Start of Given data

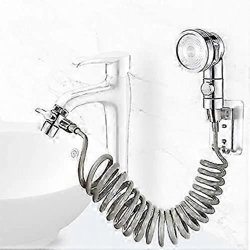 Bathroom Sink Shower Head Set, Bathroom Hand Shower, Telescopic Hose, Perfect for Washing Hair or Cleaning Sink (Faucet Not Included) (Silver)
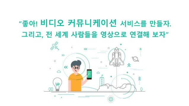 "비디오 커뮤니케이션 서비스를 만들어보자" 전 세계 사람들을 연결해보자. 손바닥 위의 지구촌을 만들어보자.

End of Given data
Start of Given data

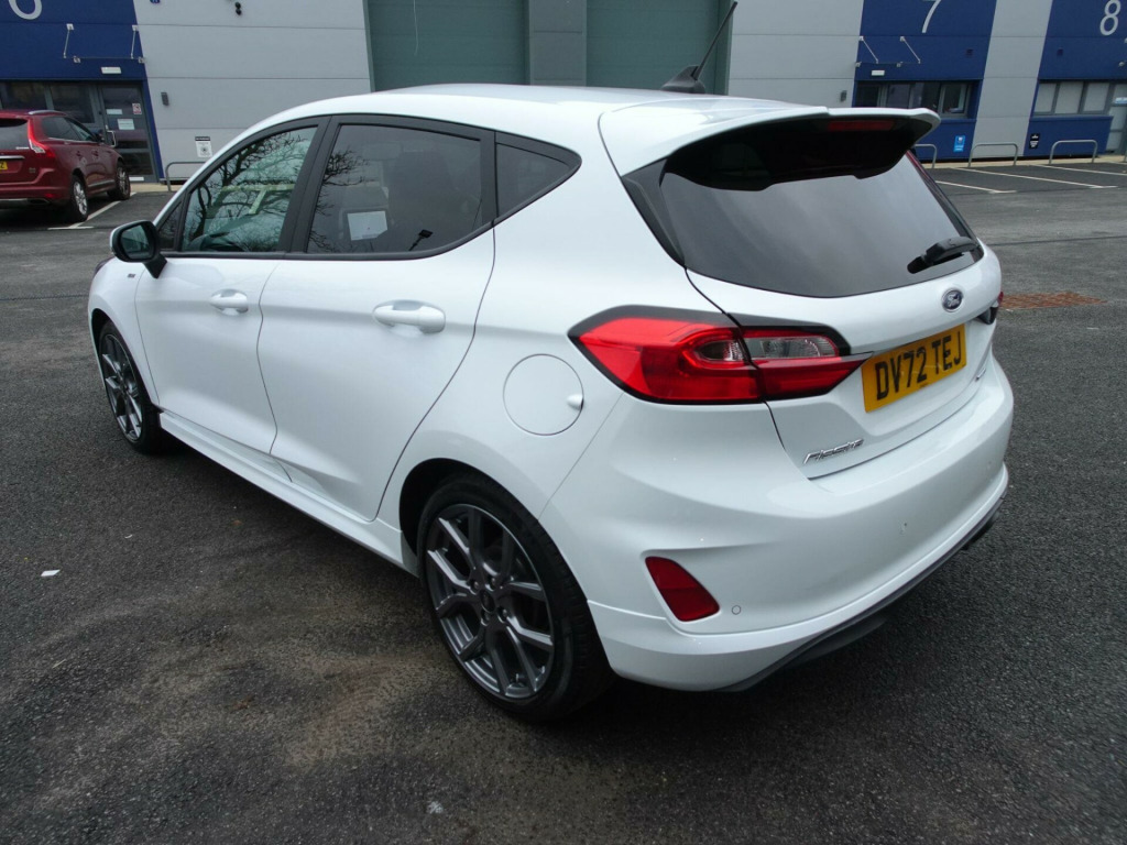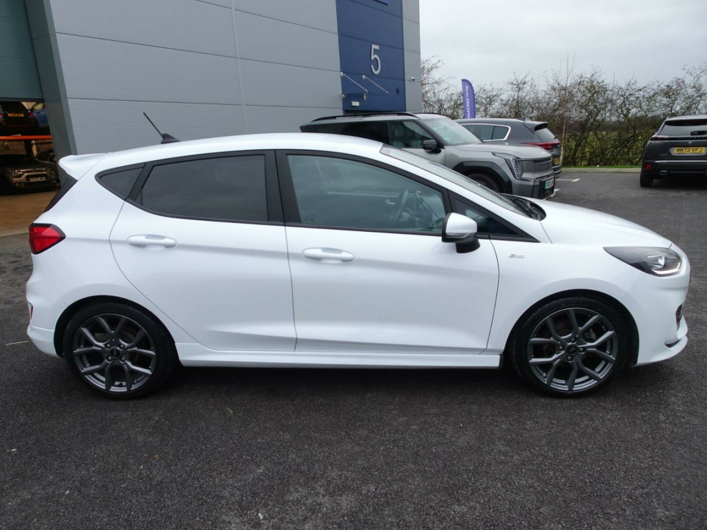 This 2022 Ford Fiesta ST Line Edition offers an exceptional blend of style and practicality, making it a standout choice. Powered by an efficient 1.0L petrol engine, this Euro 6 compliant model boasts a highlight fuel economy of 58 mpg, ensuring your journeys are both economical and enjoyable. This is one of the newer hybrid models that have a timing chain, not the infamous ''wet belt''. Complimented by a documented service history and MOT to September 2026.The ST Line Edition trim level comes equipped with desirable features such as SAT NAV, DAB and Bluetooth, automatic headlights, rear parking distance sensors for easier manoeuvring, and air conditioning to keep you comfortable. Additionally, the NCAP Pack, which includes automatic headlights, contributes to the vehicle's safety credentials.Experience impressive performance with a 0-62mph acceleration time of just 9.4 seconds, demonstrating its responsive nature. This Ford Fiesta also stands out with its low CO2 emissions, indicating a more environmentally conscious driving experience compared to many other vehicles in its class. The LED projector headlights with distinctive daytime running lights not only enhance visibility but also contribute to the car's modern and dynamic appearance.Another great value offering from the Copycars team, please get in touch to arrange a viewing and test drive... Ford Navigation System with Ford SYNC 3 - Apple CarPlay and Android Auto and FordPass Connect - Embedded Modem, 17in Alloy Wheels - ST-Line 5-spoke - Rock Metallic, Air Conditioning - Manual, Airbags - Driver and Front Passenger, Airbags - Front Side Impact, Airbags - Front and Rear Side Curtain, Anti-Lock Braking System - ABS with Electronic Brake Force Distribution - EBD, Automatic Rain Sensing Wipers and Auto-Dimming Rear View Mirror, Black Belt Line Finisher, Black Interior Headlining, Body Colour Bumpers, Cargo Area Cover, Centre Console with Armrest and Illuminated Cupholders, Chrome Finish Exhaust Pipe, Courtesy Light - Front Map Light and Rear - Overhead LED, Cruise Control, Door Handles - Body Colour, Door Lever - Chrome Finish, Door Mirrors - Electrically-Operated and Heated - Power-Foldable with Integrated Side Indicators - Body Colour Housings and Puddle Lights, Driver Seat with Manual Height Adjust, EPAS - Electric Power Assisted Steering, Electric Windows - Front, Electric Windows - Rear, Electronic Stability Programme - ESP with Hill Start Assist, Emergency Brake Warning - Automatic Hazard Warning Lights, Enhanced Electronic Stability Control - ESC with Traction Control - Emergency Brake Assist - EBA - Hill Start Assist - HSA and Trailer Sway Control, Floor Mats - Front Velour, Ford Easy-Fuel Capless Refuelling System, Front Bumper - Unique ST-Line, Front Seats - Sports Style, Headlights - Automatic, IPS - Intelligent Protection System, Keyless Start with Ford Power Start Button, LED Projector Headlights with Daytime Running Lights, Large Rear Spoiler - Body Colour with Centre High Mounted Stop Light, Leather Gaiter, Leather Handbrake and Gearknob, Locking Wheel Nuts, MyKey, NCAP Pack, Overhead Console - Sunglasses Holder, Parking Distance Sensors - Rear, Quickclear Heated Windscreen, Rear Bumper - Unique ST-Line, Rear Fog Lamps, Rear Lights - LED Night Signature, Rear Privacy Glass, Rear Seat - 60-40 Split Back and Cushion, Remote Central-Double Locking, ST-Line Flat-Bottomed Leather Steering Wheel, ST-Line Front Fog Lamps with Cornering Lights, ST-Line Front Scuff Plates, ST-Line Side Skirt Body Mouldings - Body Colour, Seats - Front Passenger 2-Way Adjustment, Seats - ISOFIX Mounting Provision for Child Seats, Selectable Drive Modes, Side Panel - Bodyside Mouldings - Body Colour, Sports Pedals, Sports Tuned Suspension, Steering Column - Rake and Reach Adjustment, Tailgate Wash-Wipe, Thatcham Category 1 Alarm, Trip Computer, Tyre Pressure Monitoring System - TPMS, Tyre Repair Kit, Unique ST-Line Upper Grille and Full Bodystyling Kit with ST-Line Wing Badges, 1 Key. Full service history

End of Given data

### What the task asks
Give back, exactly and without pictures, the stretch of the records above from the line containing "Bathroom Sink Shower" through the line containing "위의 지구촌을 만들어보자.", with both end lines included.

### Output of the task
 Bathroom Sink Shower Head Set, Bathroom Hand Shower, Telescopic Hose, Perfect for Washing Hair or Cleaning Sink (Faucet Not Included) (Silver)
 "비디오 커뮤니케이션 서비스를 만들어보자" 전 세계 사람들을 연결해보자. 손바닥 위의 지구촌을 만들어보자.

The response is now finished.